Here I will outline the basic behavior. The home security system will consist of two screens: the Home screen and the Settings screen. The Home screen is where the user activates or deactivates the home security system through the use of a keypad, which is also echoed on the on-screen display (OSD). The Settings screen allows the user to turn the four security zones in the house off or on.
Establishing the application object
Now that we have the application specified, we need to make some important software architecture decisions, namely the hierarchy of the windows. The first thing that comes to mind is the number of windows required to build the two OSD screens. It's important to understand what a window means in OOC. A window is any area of OSD that can receive and send messages. In applying the window concept to our application, it appears that we need four window classes: one parent class container which holds the aggregate of three child window classes, as shown in Figure 2. The parent class, CWndApp, only contains an instance of the child window class CWndMenu. This CWndApp will be the base class, which will be represented by the application object objWndApp, as shown in Listing 1.
The CWndMenu class will be an aggregate of CWndHome and CWndSettings. The reason behind this window hierarchy is to provide an encapsulation of the GUI control objects necessary to provide the appearance and behavior.

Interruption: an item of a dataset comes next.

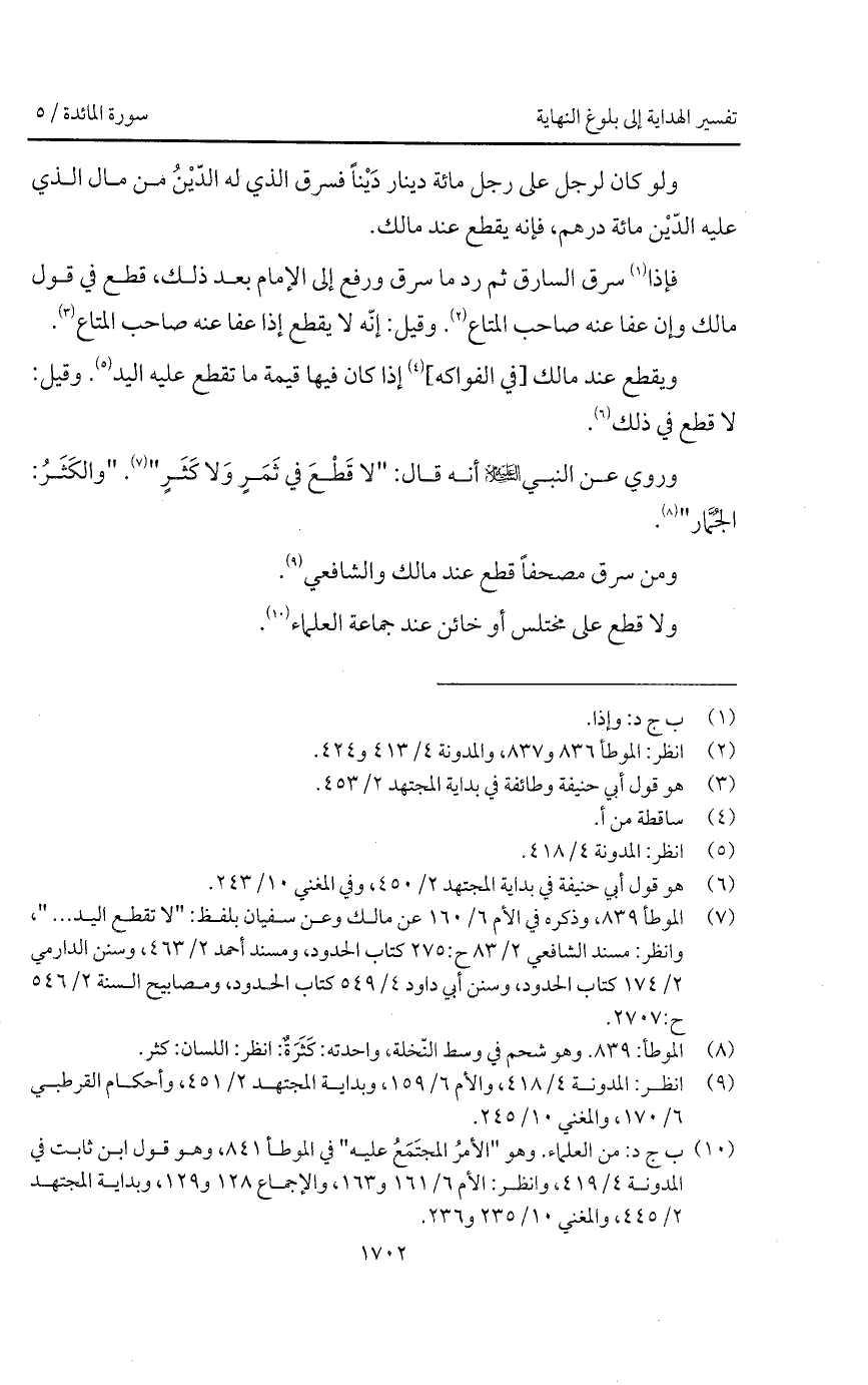 ومن سرق مصحفاً قطع عند مالك والشافعي.
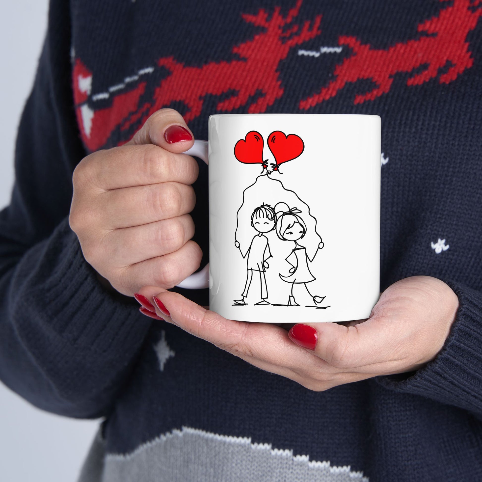 Valentines Day Couple Heart Balloons 11oz Ceramic Mug

This hierarchy creates the order in which messages are disseminated from the parent window to the child windows.
Application window class template
The application window class (AWC) template is the cornerstone on which we will build our window classes. In C++, creating pure virtual functions in the parent class to which all child classes must adhere can enforce interfaces for a class. With OOC, this enforcement must be an agreement among the software engineers to follow the AWC template. Deviation from the AWC template can cause the breakdown of a consistent approach, which may lead to confusion among the software engineers.
All window classes, except for CWndApp, should contain the AWC attributes and member functions shown in Table 1.
Table 1: Application window class template
|Member attribute and functions||Comments|
|m_bDirty||A flag that determines whether the window needs to be painted.|
|Activate||A member function that handles the window paint and event handling.|
|Deactivate||A member function that handles the restoration of the window back to its original appearance and state.|
|Constructor||This member function initializes all objects that are associated with this instance of the class with the objects' corresponding resources.|
In the CWndMenu class structure, you will see that besides the m_bDirty attribute, it contains a collection of foundation class objects, including the button and panel object types. See Listing 2. It also contains the two child window objects-objWndHome and objWnd-Settings-and the public member functions-Activate, Deactivate, and Construct. The associated function declarations are listed along with the NewWndMenu function that performs the functional binding for this class. It is necessary that any child window class be part of its parent class.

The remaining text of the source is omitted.